An exact reproduction of all the data is needed, with no images in it.
GIVEN MATERIAL Block Start
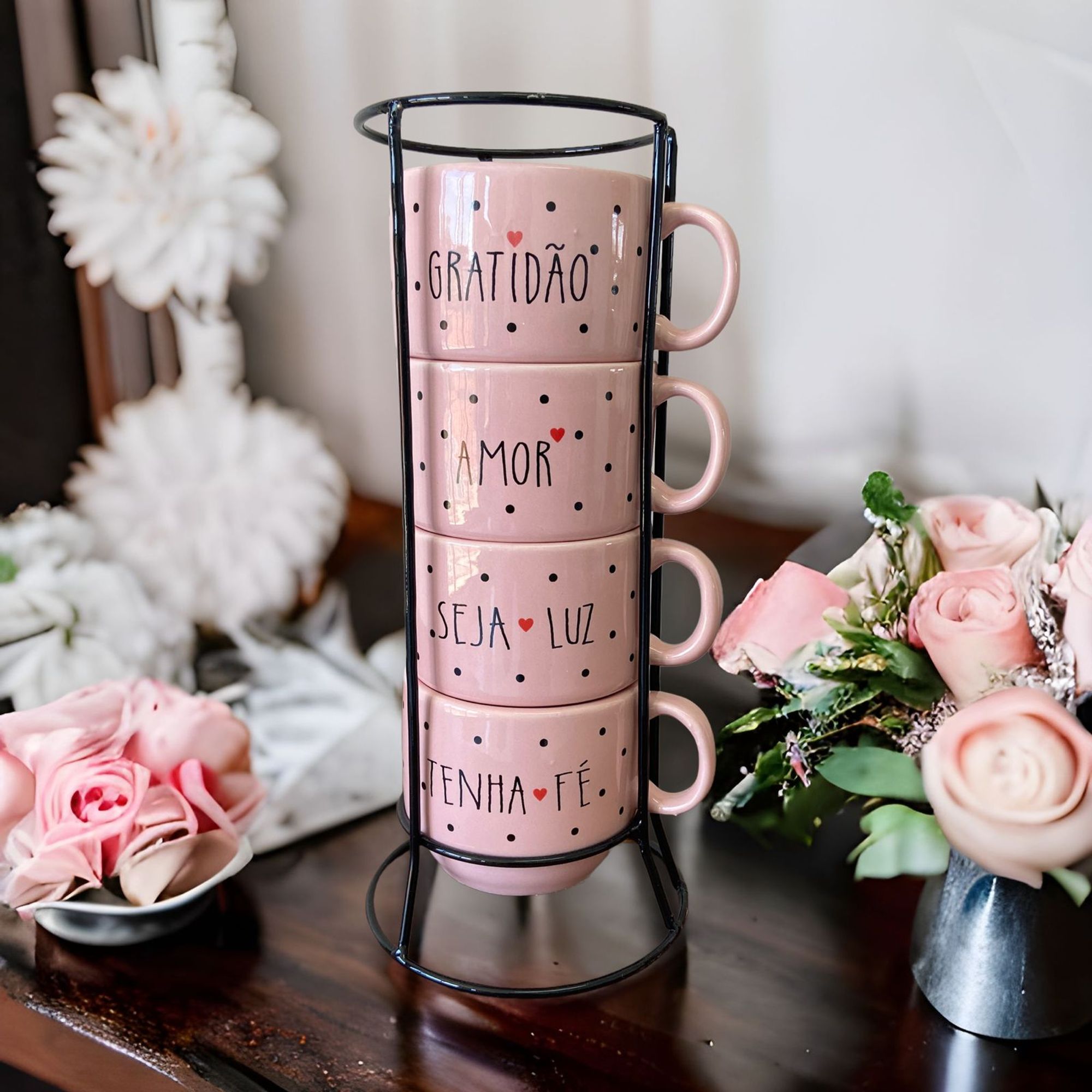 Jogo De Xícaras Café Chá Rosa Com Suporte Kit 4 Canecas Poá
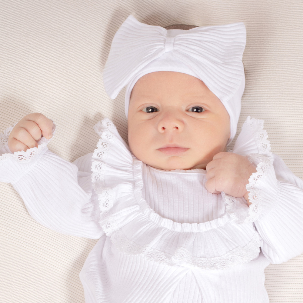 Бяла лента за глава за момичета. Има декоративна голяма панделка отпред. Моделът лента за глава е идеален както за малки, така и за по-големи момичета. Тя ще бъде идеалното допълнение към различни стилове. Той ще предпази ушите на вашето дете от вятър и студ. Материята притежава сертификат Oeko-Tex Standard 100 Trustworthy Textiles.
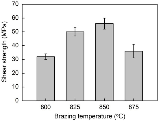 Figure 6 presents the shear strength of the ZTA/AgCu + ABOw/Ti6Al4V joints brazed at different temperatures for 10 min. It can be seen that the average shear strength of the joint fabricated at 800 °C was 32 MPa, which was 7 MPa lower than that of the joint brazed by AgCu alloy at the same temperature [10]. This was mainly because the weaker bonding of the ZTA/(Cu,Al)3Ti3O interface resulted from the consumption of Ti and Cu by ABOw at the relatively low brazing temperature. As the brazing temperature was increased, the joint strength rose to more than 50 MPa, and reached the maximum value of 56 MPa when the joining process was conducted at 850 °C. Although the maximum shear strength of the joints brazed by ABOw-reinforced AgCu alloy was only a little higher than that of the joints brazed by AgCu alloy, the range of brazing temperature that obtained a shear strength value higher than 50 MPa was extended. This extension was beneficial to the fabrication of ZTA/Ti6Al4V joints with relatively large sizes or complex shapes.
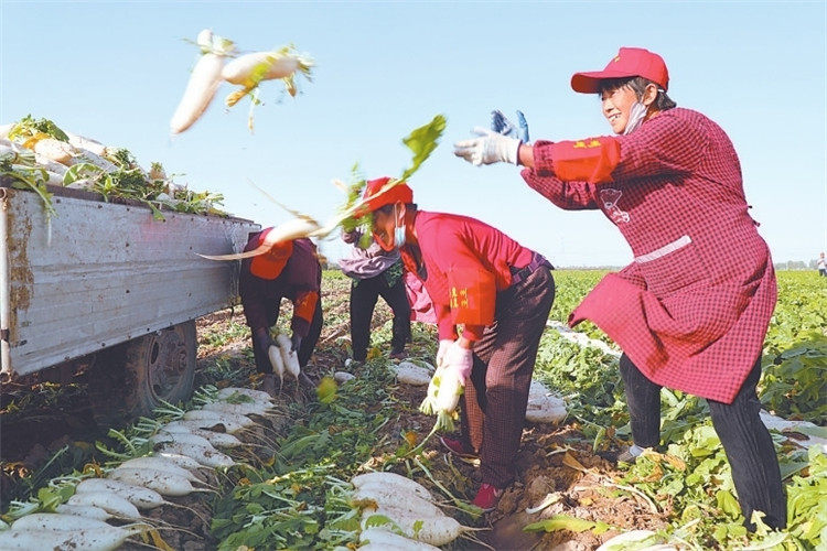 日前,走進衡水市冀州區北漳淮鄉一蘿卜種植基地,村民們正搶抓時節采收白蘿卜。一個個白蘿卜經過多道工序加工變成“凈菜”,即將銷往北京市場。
GIVEN MATERIAL Block End
RESPONSE:
 Jogo De Xícaras Café Chá Rosa Com Suporte Kit 4 Canecas Poá
 Бяла лента за глава за момичета. Има декоративна голяма панделка отпред. Моделът лента за глава е идеален както за малки, така и за по-големи момичета. Тя ще бъде идеалното допълнение към различни стилове. Той ще предпази ушите на вашето дете от вятър и студ. Материята притежава сертификат Oeko-Tex Standard 100 Trustworthy Textiles.
 Figure 6 presents the shear strength of the ZTA/AgCu + ABOw/Ti6Al4V joints brazed at different temperatures for 10 min. It can be seen that the average shear strength of the joint fabricated at 800 °C was 32 MPa, which was 7 MPa lower than that of the joint brazed by AgCu alloy at the same temperature [10]. This was mainly because the weaker bonding of the ZTA/(Cu,Al)3Ti3O interface resulted from the consumption of Ti and Cu by ABOw at the relatively low brazing temperature. As the brazing temperature was increased, the joint strength rose to more than 50 MPa, and reached the maximum value of 56 MPa when the joining process was conducted at 850 °C. Although the maximum shear strength of the joints brazed by ABOw-reinforced AgCu alloy was only a little higher than that of the joints brazed by AgCu alloy, the range of brazing temperature that obtained a shear strength value higher than 50 MPa was extended. This extension was beneficial to the fabrication of ZTA/Ti6Al4V joints with relatively large sizes or complex shapes.
 日前,走進衡水市冀州區北漳淮鄉一蘿卜種植基地,村民們正搶抓時節采收白蘿卜。一個個白蘿卜經過多道工序加工變成“凈菜”,即將銷往北京市場。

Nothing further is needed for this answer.